What the task asks: Starting with the line that contains "และบริเวณที่ปลูกอ้อยโรงงาน (S3) 12,288", copy every line through the end of the listing, exactly and only those. No pictures should appear in the copy.

Raw data:
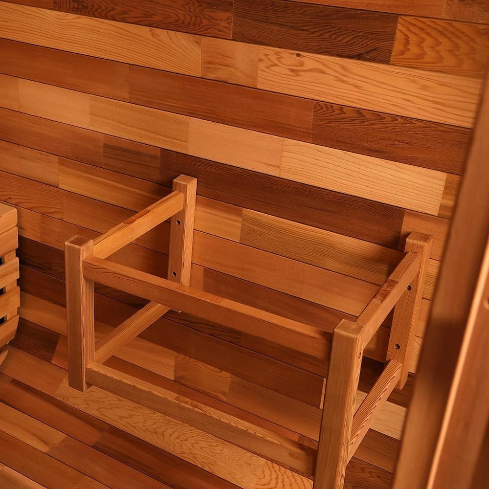 - ప్రధాన మెటీరియల్: అధిక-నాణ్యత వేడి-నిరోధక ఘన చెక్కను అంతటా ఉపయోగిస్తారు (గోడలు, బెంచీలు మరియు ఫ్రేమ్ అన్నీ ఘన చెక్క), అధిక-ఉష్ణోగ్రత మరియు అధిక తేమతో కూడిన ఆవిరి వాతావరణానికి అనుగుణంగా తేమ మరియు వేడి నిరోధకత కోసం వృత్తిపరంగా చికిత్స చేస్తారు.
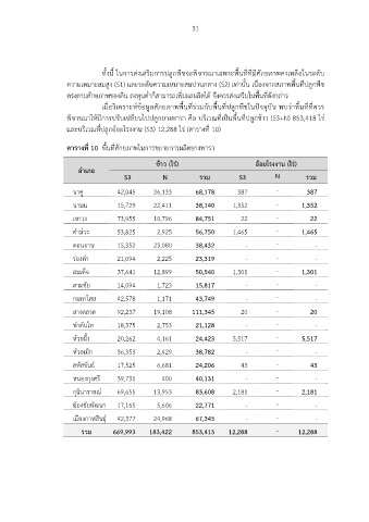 และบริเวณที่ปลูกอ้อยโรงงาน (S3) 12,288 ไร่ (ตารางที่ 10)
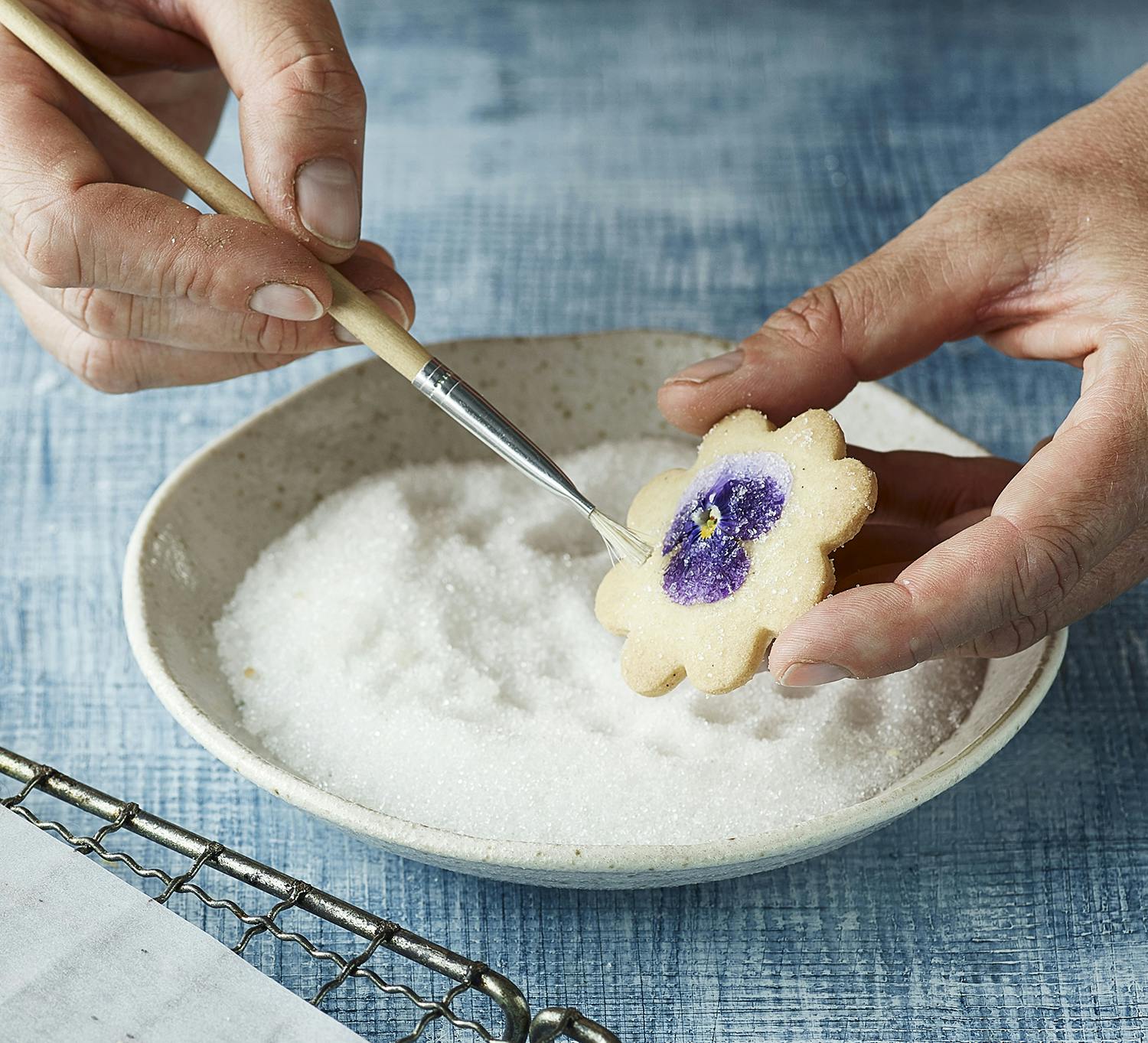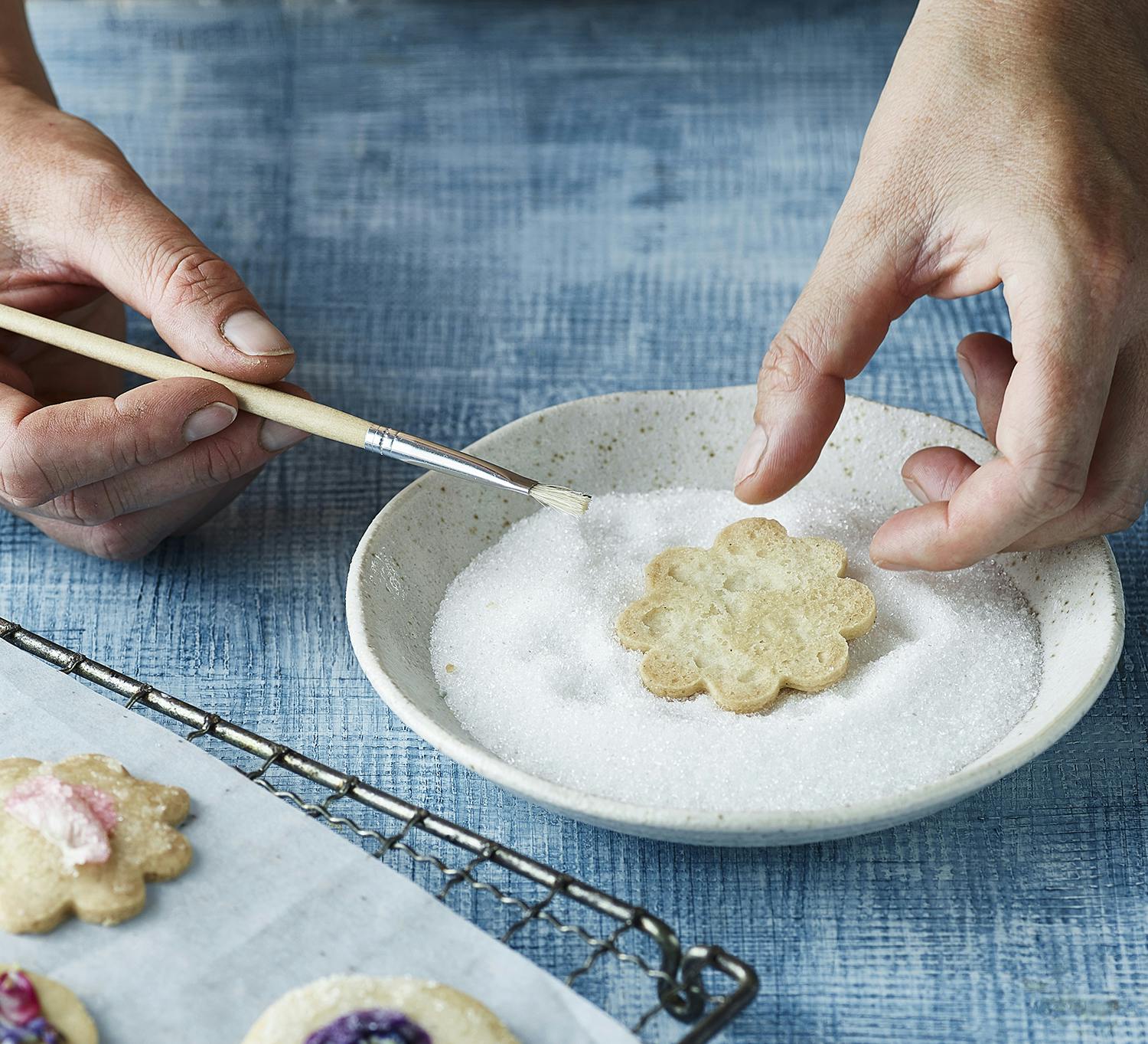 6. Børst med en tør pensel overskydende sukker af, så man kan se blomsten tydeligt. Så er småkagen klar til servering.

Final answer:
 และบริเวณที่ปลูกอ้อยโรงงาน (S3) 12,288 ไร่ (ตารางที่ 10)
 6. Børst med en tør pensel overskydende sukker af, så man kan se blomsten tydeligt. Så er småkagen klar til servering.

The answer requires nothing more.